Featured Interview With Sandy Hanna
Tell us a little about yourself. Where were you raised? Where do you live now?
I’m a BRAT, an acronym that stands for British Regiment Attached Transfer, an identity that dependents of military families proudly use to identify themselves with. We are a nomadic tribe resulting from a life of moving across the globe and country every two years. To say where I was raised is to say ‘everywhere.’ When I was six months old I went to England for three years and the moving around didn’t stop until my father, the Colonel, retired from military service in 1964. Vietnam was our most memorable posting from 1960-1962 and it was there that I had a zoo of sorts. The Vietnamese officers brought rabbits, roosters, an elephant, a blue-belly monkey, a stork, cats, and dogs as gifts. I couldn’t have been happier. After all this travel and more when I was on my own, I finally settled down, as best a BRAT can, in Lambertville, New Jersey. It is in this small river town, situated along the Delaware River, I have finally found home.
At what age did you realize your fascination with books? When did you start writing?
I became fascinated with books when I was ten-years-old and we were stationed in Saigon, Vietnam. There was no television and books were what I gravitated to for entertainment and knowledge. I will say that I would read almost anything in those days; sports books, biographies, horse stories, mysteries, it really didn’t matter. I just loved to read. I didn’t start writing until I was in college, preferring to paint the images of the stories I had in my mind. Today, I do both, write and paint.
Who are your favorite authors to read? What is your favorite genre to read. Who Inspires you in your writings?
I remember the day I wanted to find something to read and I was working in a small drug store in the town my parents finally landed after the military life was over. Above the store was a bookstore and I was asked to work there one evening as the employee who was normally scheduled was ill. As I wandered around I looked at the titles and the covers, selecting two that stood out to me for both: The Sound and the Fury by William Faulkner and Tolstoy’s War and Peace. I was hooked and to this day I think William Faulkner is one of my favorite authors.

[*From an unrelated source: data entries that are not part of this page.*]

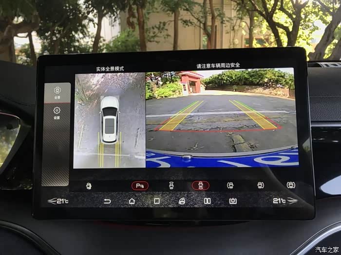 车子带有360°全景影像,还有倒车轨迹预测,就算我这种新手女司机也能把车停的规规矩矩的,超方便!不光是倒车,它还能显示左右盲区的影像,在会车或者拿不准距离的时候也可好用了。
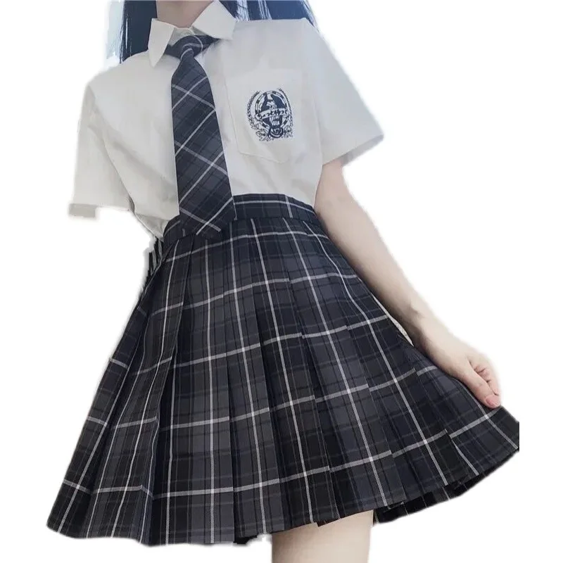 Новинка лета 2021, униформа школьницы, белая рубашка и плиссированная юбка в клетку, японская кавайная юбка с высокой талией, комплект униформы Y2k для женщин
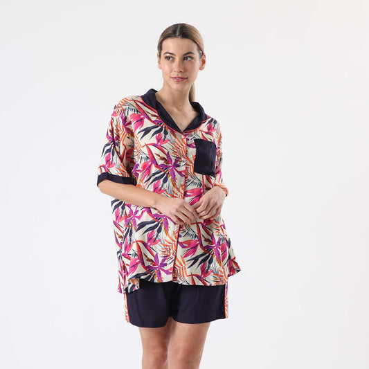 Pijama Corto Set Blossoming Rosado Talla M Humana

Tell us a little about your latest book?
When my father was in his eighties, he slid a document across the kitchen table to me that he had been carrying with him for many years and told me it was time. I asked him what it was time for and he asked me if I remembered our stay in Vietnam in the early 60s. I did. He then told me that what he was giving me was an expose on the Diem regime, supported by the United States, written by his Vietnamese counterpart, exposing the corruption and the anti-American sentiment of that regime. He asked me to write a book. When I asked why now so many years later, his response was ‘that in not understanding history we were destined to repeat it and were doing so in the Middle East.’ When I asked him if he wanted an accurate documentary, he said no. He wanted a compelling story written because American’s don’t like to talk about Vietnam. So, under orders from the Colonel, I wrote me memoir. I describe “The Ignorance of Bliss: An American Kid in Saigon” as “To Kill a Mockingbird” meets “The Great Santini” with “A Year of Living Dangerously” thrown in.